One month after completion of the Safe Dates program, receipt of the program was significantly associated with changes in psychological abuse perpetration, sexual violence perpetration, and violence
perpetration in a current relationship. At follow-up, there was 25 percent less psychological abuse perpetration, 60 percent less sexual violence perpetration, and 60 percent less violence perpetrated against the
current dating partner in treatment schools than in control schools. In the primary prevention sample, there was 28 percent less psychological abuse initiated in treatment than in control schools. Mediation analyses
suggest that effects of the school activities on partner violence perpetration occurred primarily through changes in dating violence norms, gender stereotyping, and awareness of services. (7) One-year follow-up data is
in the process of being gathered for this program. The Youth Relationships Program, an 18-week mixed-gender group program with at-risk youth (8) aged 14-16 has also shown promising results. Youth were
identified as high risk if they had a history of child maltreatment, including the one or more of the following experiences: witnessing domestic violence, physical abuse, sexual abuse, emotional abuse, physical or
emotional neglect. The program's core themes include: violence is most commonly seen in the context of relationships; current policies to address personal violence are outdated and superficial; violence does not affect
everyone equally -- it is ingrained in cultural expressions of power and inequality; and prevention of violence entails building on the positive (through empowerment) in the context of relationships.(9) This program
resulted in significant changes in participants' behavior as a result of the program. Compared with a group of at-risk youth who did not receive the program, youth who received the program indicated less use of coercive
behaviour in their relationships at a six-month follow-up.(10) Three studies have evaluated the effectiveness of date rape prevention programs in reducing the incidence of sexual assault. Hanson and Gidycz (11) found
that a sexual assault education program was effective in reducing the incidence of sexual assault at a nine week follow-up. The program consisted of providing written information, watching and discussing videos about
sexual assault and its prevention, and providing community resources information. Compared with a control group, participants reported engaging in fewer risky behaviors (e.g., drinking on the date) and suffering
fewer sexual assaults during the nine week follow-up period. However, they found that this was only the case for women without a history of sexual victimization. In a 1998 study, a program designed specifically for
women with histories of sexual victimization was evaluated. This modified program was not effective in reducing the incidence of sexual assault amongst participants regardless of their sexual assault histories (12). A
1999 evaluation of a one-hour information session delivered by a large American university's rape education and prevention office evaluated knowledge and incidence of sexual assault after a seven-month follow-up period.

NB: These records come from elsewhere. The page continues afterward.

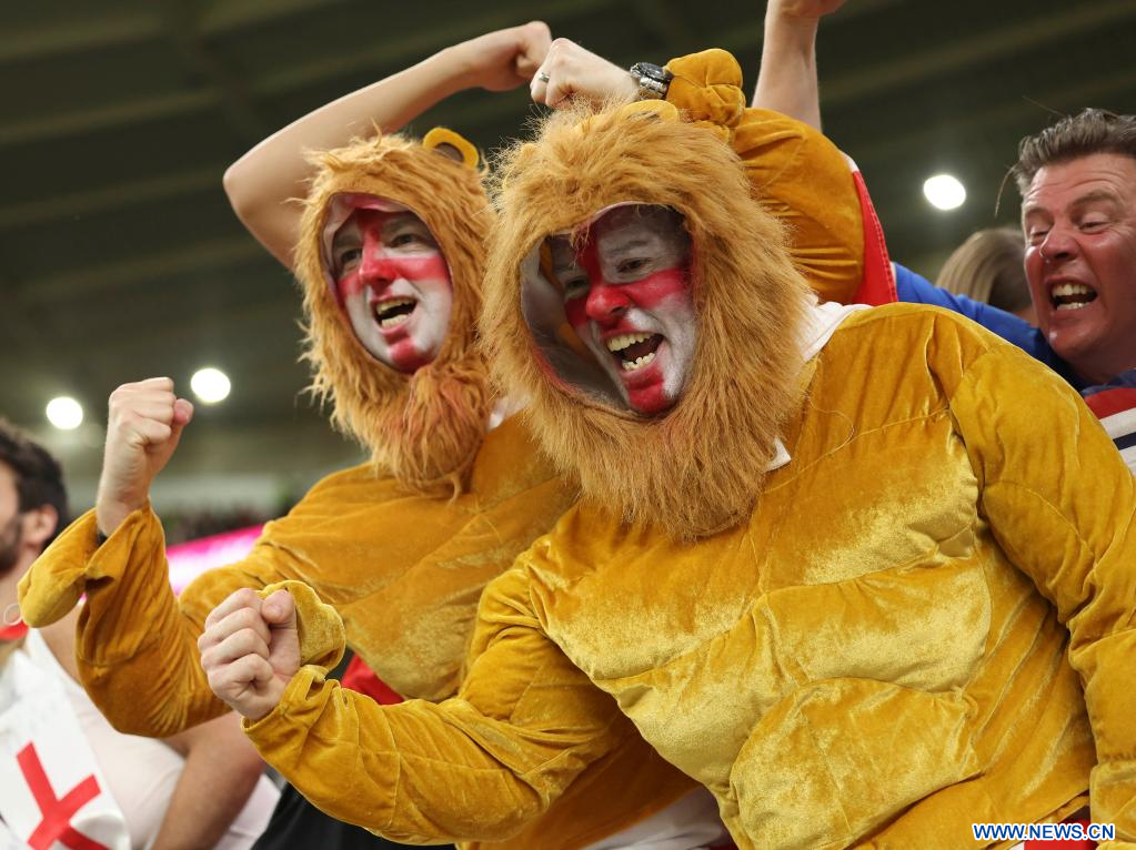 AL RAYYAN, 29 noviembre, 2022 (Xinhua) -- Aficionados de Inglaterra animan previo al partido correspondiente al Grupo B entre Gales e Inglaterra en la Copa Mundial de la FIFA 2022, en el Estadio Ahmad Bin Ali, en Al Rayyan, Qatar, el 29 de noviembre de 2022. (Xinhua/Han Yan)
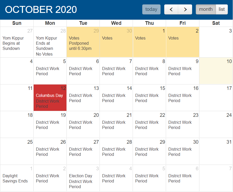 众议院10月份的日程表,10月2日以后议员们都在各自选区服务
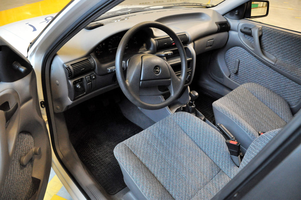 Makulátlan kárpitok és még mindig rücskös kormánykerék árulkodik arról, hogy ezt az Astrát nem kezdték el használni.

The study found that while an increase in knowledge about sexual assault was maintained during this time, the program did not reduce participants' risk of sexual assault during the seven months following the
presentation. During the seven-month follow-up period, 15% of women without sexual victimization histories had been victimized; 39% of women with histories of sexual victimization were victimized during the follow-up
period. (13) Some violence prevention programs have also demonstrated an impact of increasing participants' social activism around violence issues.(14) This is one particular aim of the Youth Relationships Program
described above. Requests for service at local shelters and for counseling of abused women have also showed considerable increase after the school primary prevention intervention.(15)
Behavioural Intention Outcomes A primary prevention program for wife assault and dating violence for all students in four high schools in Southwestern Ontario was evaluated in 1992 (16). This
program included a brief intervention, including a large group presentation on wife assault and dating violence, followed by facilitated classroom discussion. Behavioural intention changes sought by the program included
students' increasing intentions to intervene in situations of dating violence. (17) Prior to intervention, Behavioural intentions to intervene were variable, with 77.8% of students indicating that they would
offer assistance in a case of verbal abuse; but only 36.1% indicating that they would intervene in a situation of mild physical abuse/control (18). Higher proportions of girls had an intention to intervene in 5 of 10
intervention scenarios.(19) After the intervention, girls continued to report stronger intentions to intervene. Behavioural intentions also showed it to be unlikely that teens would speak to teachers or school guidance
counsellors, they were far more likely to talk to a friend.(20) Jaffe and colleagues point out that this strengthens the importance of building the skills of teens to help their friends.(21)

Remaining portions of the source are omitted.